His initial research was a continuation of his work in applied artificial intelligence and microscopy, jointly with Dr David Holburn and Bernie Breton, with funding from LEO Electron Microscopy (now Carl Zeiss Microscopy) and the Isaac Newton Trust. From 1998 to 2000, he also worked with the Engineering Design Centre to develop web-based tools, such as WebCADET, a decision support and knowledge management system) to support design research. In this, he was assisting Professor Paul Rodgers (formerly of the Engineering Design Centre, now Professor of Design at Lancaster University) and Dr Avon Huxor (then at the University of Middlesex).

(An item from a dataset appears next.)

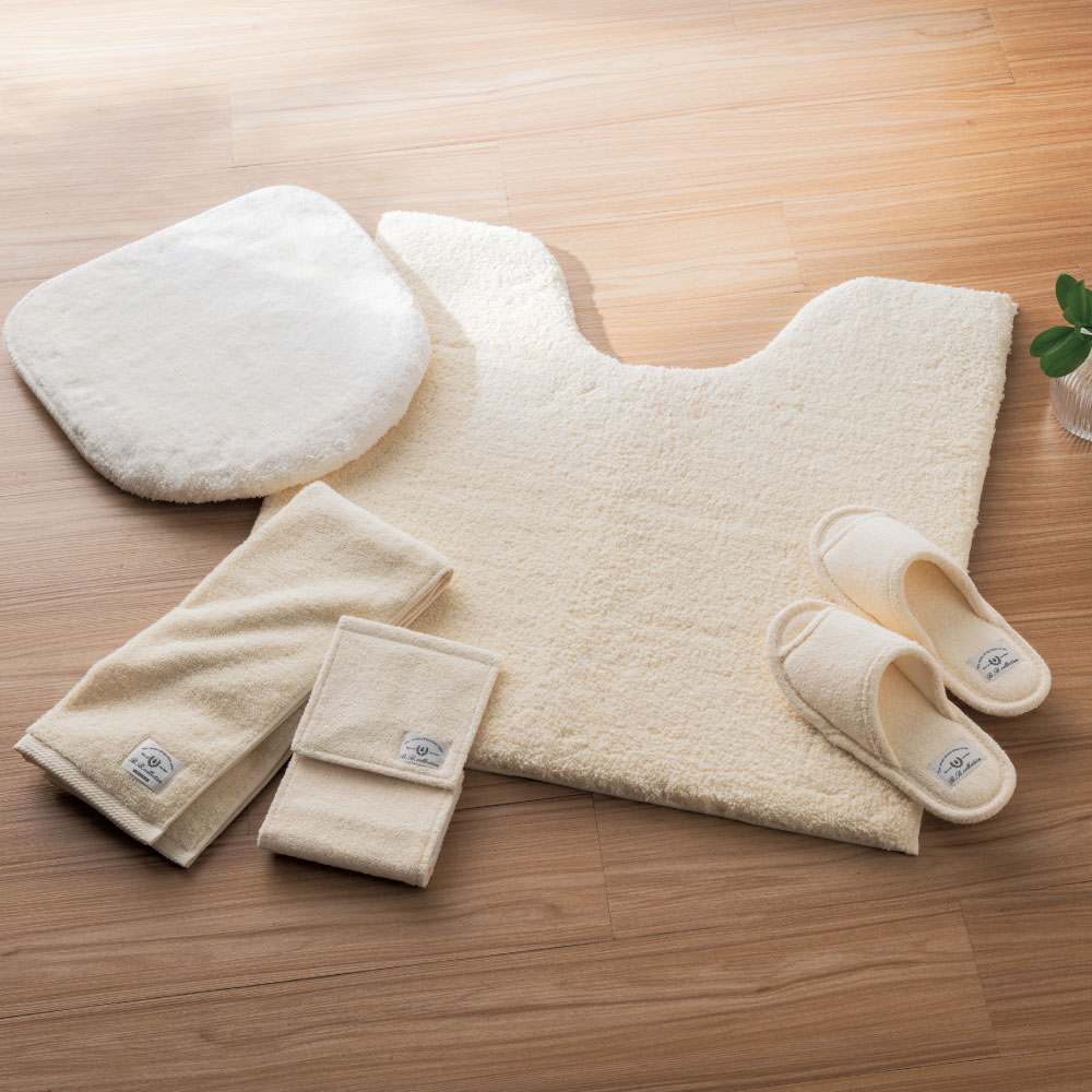 クッションのような弾力がくせになりそう。もっちりとした感触で足裏はいつもサラサラ。サイズも豊富なトイレマットです。高密度に植毛したマイクロファイバーを使用。毛羽落ちが少なく、吸水・速乾性のある素材です。密度の高いマイクロファイバー素材で弾むような心地よい踏み心地が特長。吸水・速乾性にも優れています。飽きのこないシンプルな無地デザインで、水まわりがすっきりとまとまります。※こちらは【トイレマット】のページです。以下のシリーズ品は関連商品からお求めいただけます。フタカバー/ペーパーホルダーカバー/タオル同色2枚セット/スリッパ1足/バスマット【ポイント1】お手入れ簡単高密度のマイクロファイバーによりゴミが奥まで入りにくく、しかも毛羽落ちが少ないので、お手入れも簡単です。【ポイント2】裏面は滑りにくい加工裏面には滑りにくい加工が施されていますので、ズレにくく快適にご使用いただけます。【ポイント3】丸洗いOK洗濯機で丸洗いできますので、いつも清潔に使えます。吸水・速乾性に優れ、お洗濯後の乾きも早くて便利。※洗濯機でお洗濯する場合は必ずネットをご使用ください。※乾燥機・ドラム式洗濯機は使用できません。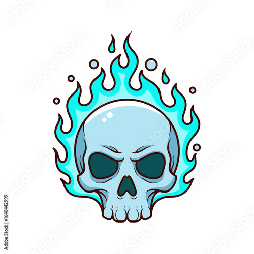 Cartoon Skull Engulfed in Cyan Flames with Dark Eye Sockets and Defined Teeth

From January 2006 to June 2013, Nicholas was an active member of the Engineering Design Centre at the University of Cambridge. He worked on the EPSRC Grand Challenge Knowledge & Information Management Through-Life (KIM) project, with a key result being the development of a set of principles for through-life management of engineering information, and the software implementation of Design Structure Matrices for the Cambridge Advanced Modeller platform. He was heavily involved in the design and development of the first Inclusive Design Toolkit website. In change management research, Nicholas was part of the NECTISE consortium with BAE Systems, designing and implementing the Change Prediction Method algorithms and visualisations in the Cambridge Advanced Modeller platform. In a joint project with BP and MIT, he conducted research to benchmark existing BP change management policies, providing a set of recommendations for adoption across multiple business units, and analysed historical change data to identify effective indicators for predicting project success and failure. In the EU Framework Programme 7 project, CRESCENDO, led by Airbus, his work focused on applying change prediction techniques to workflows and modelling those design processes within the context of a simulation factory of federated tools and models for next-generation aircraft design. His final piece of research at Cambridge was to develop a set of healthcare readiness levels for assessing the maturity of innovations in healthcare.
Nicholas holds a BA in Computer Science and a PhD in Engineering, both from the University of Cambridge. His doctoral thesis was entitled "Knowledge-Based Engineering for the Scanning Electron Microscope".
His publications can be found via ORCID https://orcid.org/0000-0003-0597-0113
Nicholas is a Fellow of the Royal Microscopical Society, a Senior Fellow of the Higher Education Academy, a Fellow of the British Computer Society, a Chartered Engineer, and a Chartered IT Professional.